Solution for line level into bass amp
Hi. I alternate between bass guitar and keyboard bass during gigs, so I connect my bass guitar into the active input of the amp and the keyboard bass sound (coming from an audio interface) into the passive input.
The problem is that I get a bad buzz sound from the keyboard bass, probably because it's a line level being plugged into an instrument level input. Is there any way to solve this, using any sort of device before connecting to the amp? (hopefully cheap)
PS: the amps is a Hartke LH1000 head with a Hydrive 410.
Have you tried plugging it into the effects return input?
I think that input takes line level.
Tried switching the inputs? Bass into passive, keys into active?
Any other usuable options for keyboard output? As well as making sure it's a mono output that you're using?
I haven't tried the effects return. I just plug it in there? That's all?
I did try switching between the passive and active inputs. Same problem.
if you plug something into the effects return, that's all the amp will do.
a little mackie notebook mixer might be the ticket, you could plug the keys and the bass (if it's active, or going through pedals) into it, balance them out, and from there into the amp.
as for the buzz, that's likely a ground loop problem. maybe try a signal cable with the ground disconnected on one end.
TRy plugging in the keyboard only and see how it sounds. If it's ok then it's a ground loop issue as walterw mentioned.
Hi guys. Thanks for your help!
I tried the effects return. Keyboard sounded ok, but the bass wouldn't sound at all.
I tried plugging the keyboard only through the main inputs but the problem continues.
Also tried going through a guitar pedal (with the effect off), but didin't help.
Anyone know of a device that I could plug it through to eliminate the buzz, or convert the line signal to instrument, if that's the problem?
You might have a ground loop, if the keyboard ground is connected to both the amp and the mains ground. Try a ground loop isolator (aka noise canceller). It's a passive circuit, a transformer only.
They are cheap, I guess around 30-40 dollars or so.
Check out for example the Behringer hum destroyer hd 400.
A reamp box would work.
Does the keyboard have a volume control? I've noticed almost universally that the outputs of digital keyboards are too "hot" for the inputs of typical amps and PA systems. It's a hassle.
I play bass guitar and synth, but always use 2 seperate rigs. For synth, it's just a small head and 2x10, used as a stage monitor. A mixer should help you out, but I'd consider not trying to play 2 different instruments through the same rig.
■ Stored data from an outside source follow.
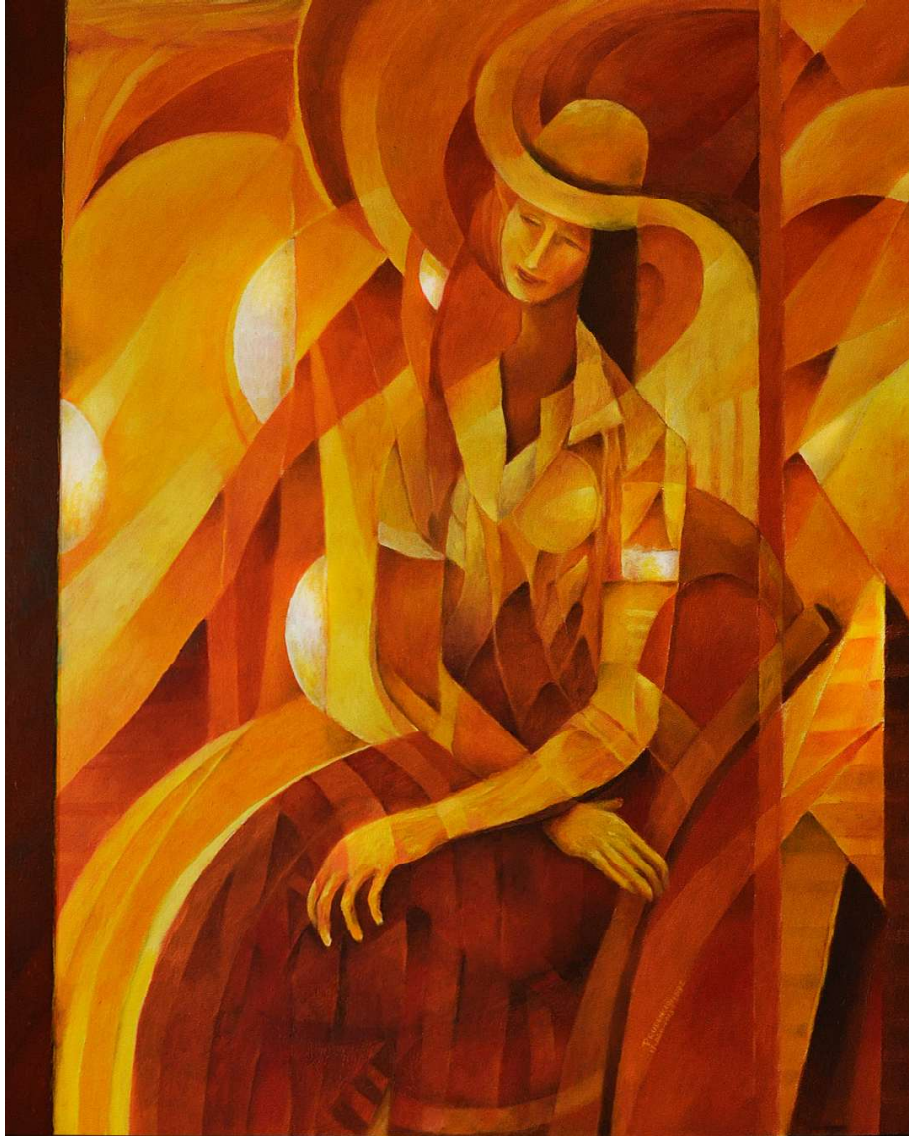
Iluminada. Óleo sobre tela. Medidas 100 x 80 cm.
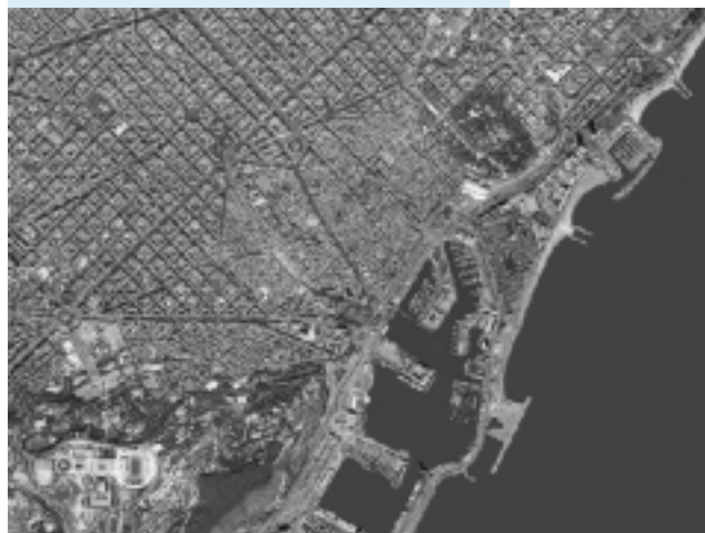
..... Ciutadella amb l'Esplanada i sector urbà proper
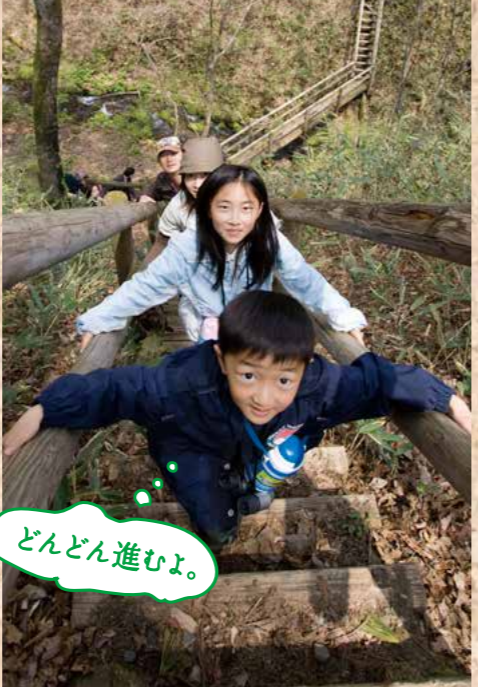
渡った沢の先では、蔵王に降った雨や雪が源となる地下水が岩の割れ目から湧き出し、流れを作る場面にも出会えました。
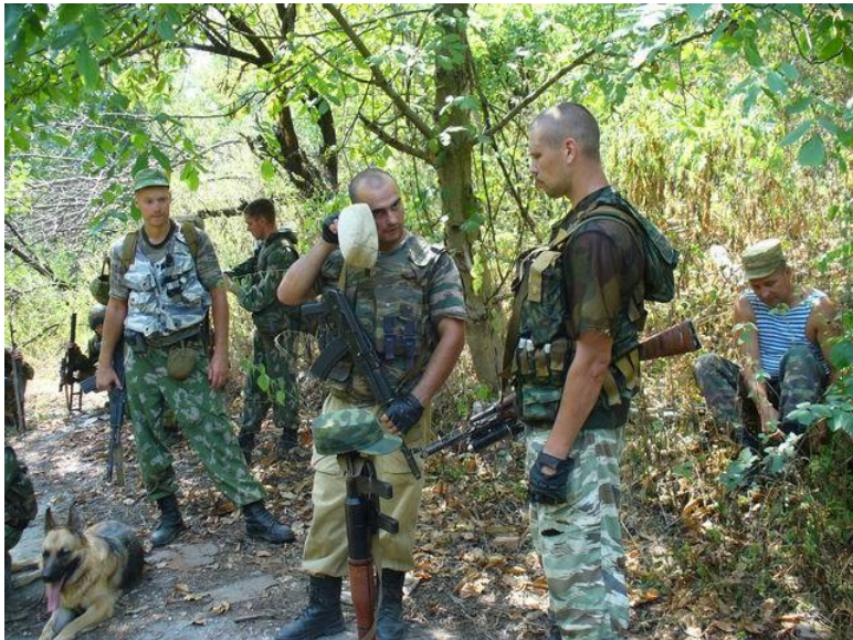
Фото: Вблизи поселка Гикаловский. Чечня
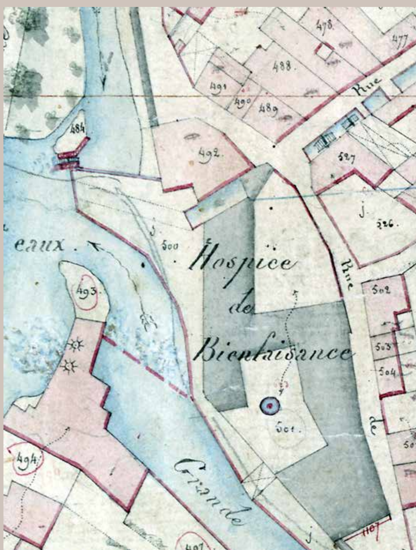
La Charité ou Hospice de Bienfaisance sur le cadastre de 1828

L A CHARITÉ avait pour vocation d'offrir un refuge aux mendiants. À la fin du XVII e siècle, la ville confie les plans de la Charité à l'architecte avignonnais Pierre Mignard. Ce projet ambitieux prévoyait la construction d'un vaste ensemble à quatre corps de bâtiment avec deux grandes cours. Débutée en 1681, la réalisation se limite au final à une seule aile implantée perpendiculairement à la rue.
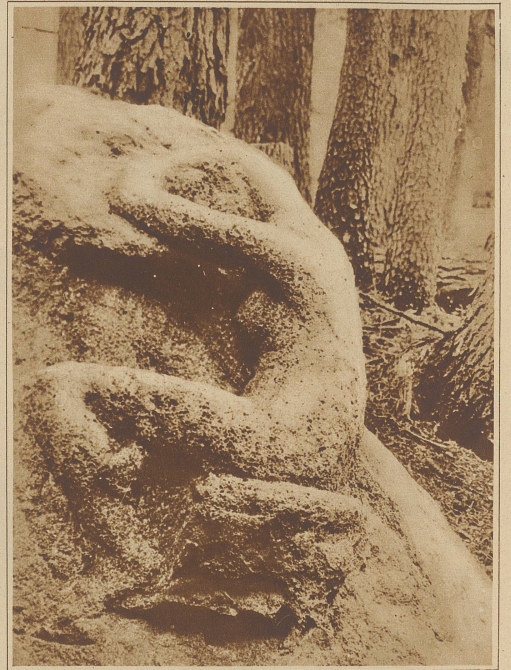
Eines der seltsamsten Naturwunder ist diese Figur einer Frau zwischen den Llamath-Fällen und Eugene in Oregon, Amerika. Ihr Entstehen wird auf eigenartige, versteinerte Wurzelbildungen zurückgeführt. Uns scheint allerdings, daß an der Formung der «Oregon-Lady» — so heißt das Naturwunder — auch Menschenhände mitgeholfen haben
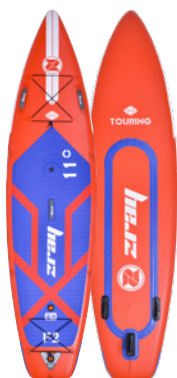
FURY PRO 11'
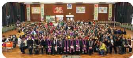
「以馬內利」聯堂崇拜大合照
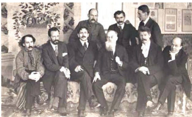
Фундатори Української академії мистецтв. Стоять: Георгій Нарбут, Василь Кричевський, Михайло Бойчук; сидять: Абрам Маневич, Олександр Мурашко, Федір Кричевський, Михайло Грушевський, Іван Стешенко, Микола Бурачек. Київ, 5 грудня 1917 р.
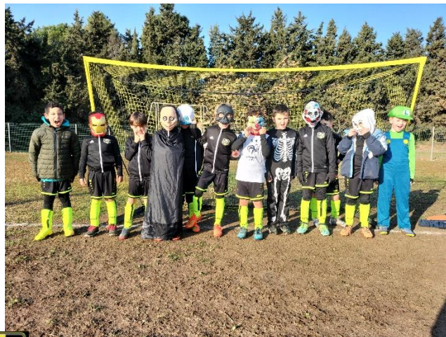
U9 AS PEYRESTORTES
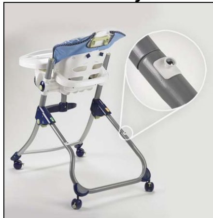
F-P Trona Cerca de Mi con clavija para guardar la bandeja
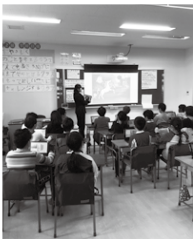
タブレットを活用した授業

たオフィスには壁やパーティションがなく、執務室全体を見渡すことができます。組織の壁を取り払い、縦割りをなくするのが狙いです。渋谷区流の働き方改革です。
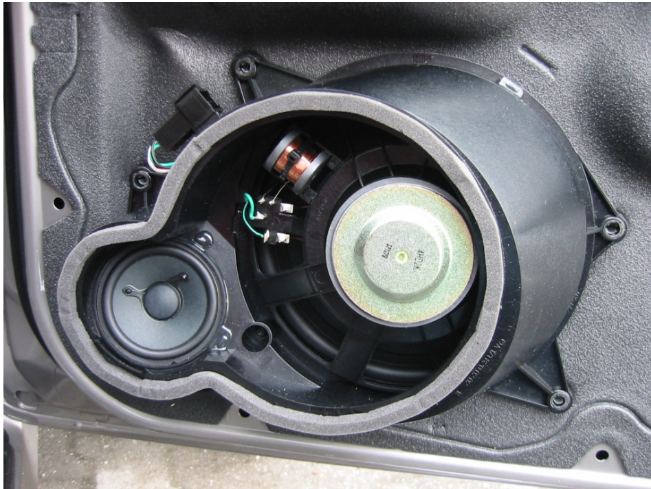
Der Tieftöner und sein kleiner Bruder – mit einfachsten Frequenzweichen getrennt
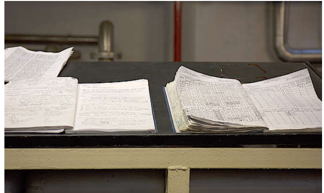
Notizbücher bei Glen Scotia

Im Jahr 1970 wurde A. Gilies & Co. Teil von Amalgated Distillers Products. Diese bauten die Destillerie zwischen den Jahren 1970 und 1982 vollständig um. Die harte Wirtschaftslage Großbritanniens während der großen Rezession den 1980er Jahren zwang die Destillerie 1984 erneut zu schließen. Sie blieb bis 1989 geschlossen, als die Gibson International ADP Glen Scotia erwarb. 1994 stellte die Brennerei die Produktion ein letztes Mal während der Erwerbszeit ein. In diesem Zeitraum wechselte der Besitz von Gibson an die Glen Catrine Bonded Warehouse Ltd. 2014 wurde die Brennerei an die Private Equity Firma Exponent verkauft unter der sie bis heute tätig ist.
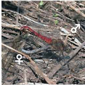
交尾中のアキアカネ

秋になると連結飛行をするトンボの姿をよく見かけるようになります。前がオス、後ろがメスです。オスは腹部の先端にある尾部付属器をメスの頭部の付け根につけて連結飛行をします。

A Roland KC350 would work well for the keys.
You could pad down the output of the keyboard and then feed it into the instrument input on your amp.
If you are using a keyboard its one thing but when i read "audio interface" i read "laptop" and so we are not talking keyboard..we are talking computer... and that raises a large number of issues...
1. power connections to laptop and amp must be on same power strip to avoid ground loops
2. an audio interface with a wall wart may be not have polarised plug.. turn it around. it may have a noisy power supply regardless.
3. switching noise from the laptop power supply can be injected into an audio interface via the usb.. try unplugging the laptop power supply and run on batteries.
4. the ground on a computer rig is not quiet. there is significant digital noise.. a quality external audio interface will have balanced outputs.. that you can then put into a DI before the amp.
and thats the start...
at the end of the day..if you are going gig regularly and wish to use one power amp with two instruments you need a mixer with balanced inputs in the fx loop..
Radial makes a box called a Reamper. It sells for about $200 though. There are less expensive alternatives that convert line to instrument level.
You have to determine what you problem really is. As was mentioned a ground loop can cause noise. So can an incompatible signal.
Yes, the keyboard bass sound is coming from a VST on a laptop, then out of an audio interface into the amp via 1/4" cable. Everything's on the same power strip. The laptop ground issue was taken care of previously with a cheater on the power plug. The audio interface's power plug is not grounded. Therefore I'm guessing it's just the characteristics of the line signal?
BAce mentioned a pad. Or a DI box. Maybe these could be cheap solutions.
putting everything on the same strip does NOT stop ground loops.
try ground lifts on everything BUT your amp
Yeah for the keyboard I would bypass the amps pre by using a power amp in or effects return (depending on the amp). I do that to use separate pre amps with my swr head.
Plug the bass into the amp as normal, then plug the effects send into a mixer. Keyboard into mixer, too. Mixer out into effects return. Can then adjust levels in the mixer to balance them.
you need to break the ground connection from the audio interface to the amp..pure and simple.. you are transitioning from a ground buried in digital noise (hello!..its a computer!) to the ground on an amplifier... and putting the laptop on a cheater plug removes its protection (really not smart) and will do nothing for this issue...
again..if you are going to be giggin regularly.. you need a mixer with balanced inputs in the fx loop and either an audio interface with balanced outputs, or a transformer coupled DI unbalanced>balanced for the interface outputs.
ground loops require a ground differential voltage.. this is highly unlikely on the same power strip unless you have faulty equipment..but quite likely when using a socket on a separate spur from the breaker panel.